ABD’de ve bizde kültür
Eğitimci, yazar Nurettin Sezen Bey, ABD’den bir e-posta gönderdi. Yer darlığından mektubu çok az kısalttım:
“‘Sözlük yazmakla bölünülmez! ‘başlıklı yazınızı okudum ve beni hayli etkiledi. Dikkatimi çeken; ‘Türk Dil Kurumu (TDK) ... Darbeden sonra hükûmete bağlandı. Önceki durum fecaatti tabiî... Aşırı solun elinde oyuncak olmuştu. Yeni dönemde, Hükûmetlerin zırt-pırt müdahalesini de önleyecek tedbirler alınmalıydı. Şimdi bu yüksek kurumlar, gelen hükûmetlerin insafına bırakıldı. Allah’tan başa getirilen insanlar işi bilenler. ...’ diye devam eden sözlerinizden sonra, bana göre ‘Neler yapılmalı?’ sorusunun cevabının aranmasındaki gayretiniz ve TDK Başkanıyla olan diyaloglarınız beni ümitlendirdi. (...) ‘Prof. Kaçalin, Çin Halk Cumhuriyetinde Türkoloji çalışmalarını yakından takip ediyor.’ gerçeğiyle, “hükûmetlerin insafına bırakıldı...” tespitinizin sizleri ve yetkilileri ümitsizliğe düşürmeyeceğine inanıyorum. (...)

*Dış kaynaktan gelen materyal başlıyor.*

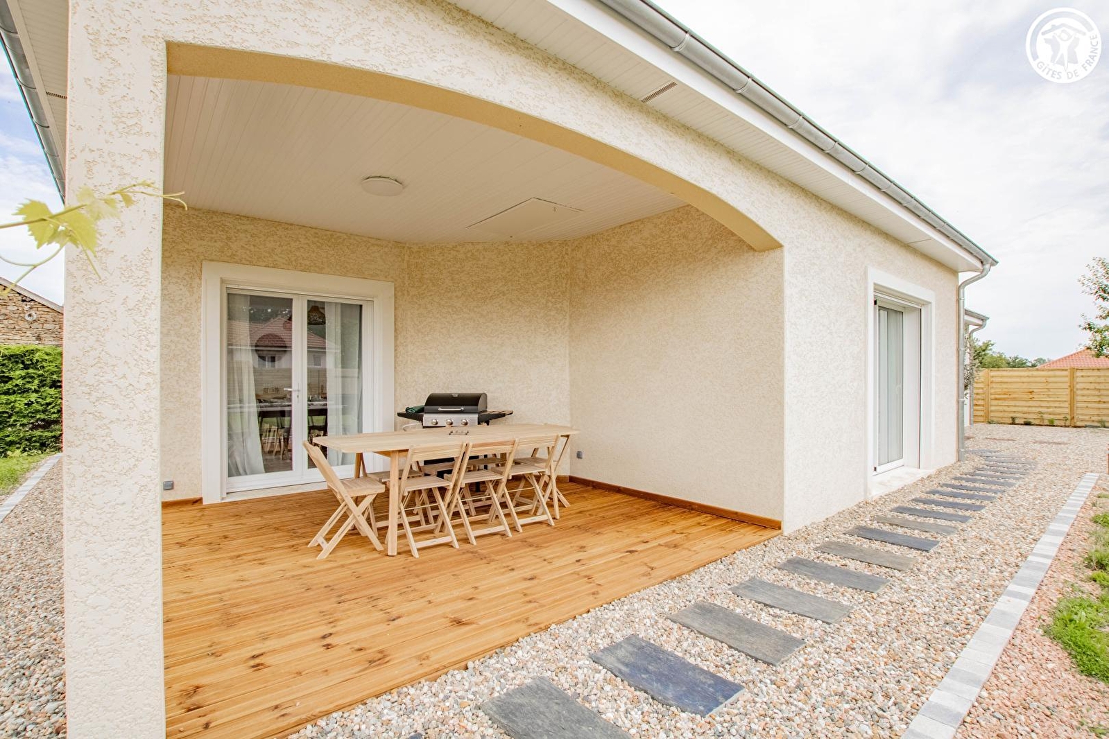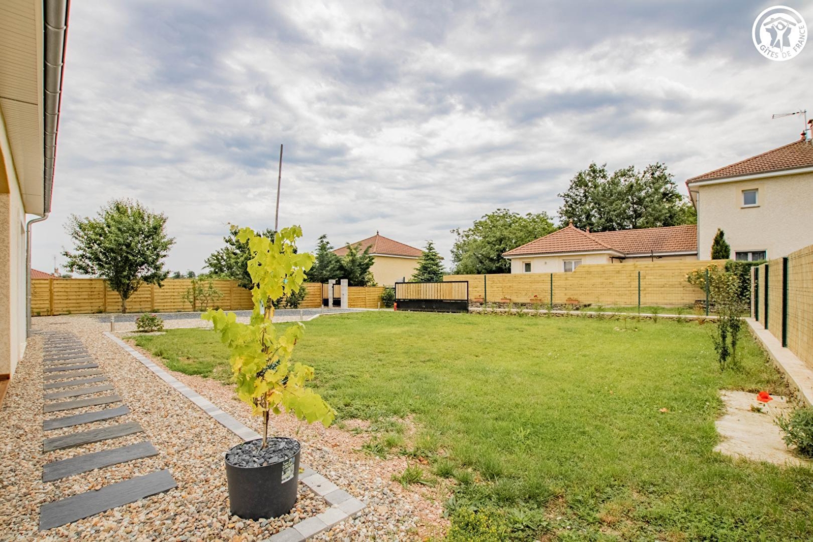 Réunionnais de naissance & bourguignons d'adoption, tous deux passionnés de jardinage (potager "bio" & poulailler géré dans un esprit écologique pour le plaisir d'œufs frais durant votre séjour, à découvrir sur place), Magalie & Patrice vous accueillent au sein d'une élégante villa contemporaine de style, blottie au calme en impasse, au cœur d'un petit village résidentiel. Niché en pleine campagne charolaise, au creux du sublime bocage local (accueillant en saison les célèbres vaches charolaises) & du verdoyant vallon de l'Ozolette (& sa rivière poissonneuse), ce paisible petit bourg rural adossé à un bois dispose d'un "citystade" (sis à deux pas) et profite d'un magnifique écrin champêtre & naturel vallonné parfaitement préservé, mixant agriculture & pleine nature, entre bucoliques prairies de pâtures, belles forêts sauvages, rivières & étangs, non loin des premiers contreforts du massif du Beaujolais (vaste espace forestier sauvage de montagne douce). Gîte de grand confort & standing. Spacieux & lumineux. Vaste pièce de vie de 56m². Chaleureux cachet campagnard contemporain d'inspiration nordique. Ambiance zen & très douce. Beaucoup de charme & de caractère. Cosy & très douillet. Equipement complet de qualité. Large terrasse abritée ouvrant sur un agréable jardin clos engazonné de 150m², végétalisé & arboré (cerisier, prunier, figuier... / cueillette possible) doté d'un mini potager aromatique.

Dün akşam üniversite hocalarının da bulunduğu özel bir toplantıda, 68 kuşağından bir arkadaş, ‘Kahroluyorum; çocuklarımızı sokmuşuz bir sınav kulvarına, dil eğitimimiz, kültürümüz yok, tarihimizi bilmiyoruz. Kitap okuyan gençlerimizi göremiyoruz, 6.000 kitabım var okuyan yok.’ diyor ve genel kültürle ilgili 2 cilt kitabı okuması için bir gence veriyor ve devam ediyordu: ‘ABD’nin ekonomisine sahip ve 25-50 yıllık planları olan şirketler, geleceklerinin eğitimde olduğunu biliyor ve eğitime de yatırım yapıyor. Basın-yayın da onların elindedir.’

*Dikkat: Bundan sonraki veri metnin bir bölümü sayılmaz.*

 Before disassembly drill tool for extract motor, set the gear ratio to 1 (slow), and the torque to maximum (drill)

ABD’de okullarda dil eğitimi, iyi yetişmiş elemanlarca veriliyor. Çocuklara yönelik yayın çok fazla. Hele televizyon kanalları, bir örgün eğitim kuruluşu gibi çalışıyor. 10-15 TV. kanalı var ki, ana okulu dahil lise seviyesinde dil ve kültür eğitimini tekrar tekrar yayınlıyor.
Türkiye’de, buradaki kalitede ve ısrarla yayın yapan, eğitime yönelik kanallar yok denecek kadar az. Kitap okuma alışkanlığının varlığını edebiyatçılarımız yana yakıla dile getirdiklerini her zaman görüyoruz. Kitap değil, ilköğretim diploması olanlar günlük gazeteleri okuyacak kültüre muhtaç. (...)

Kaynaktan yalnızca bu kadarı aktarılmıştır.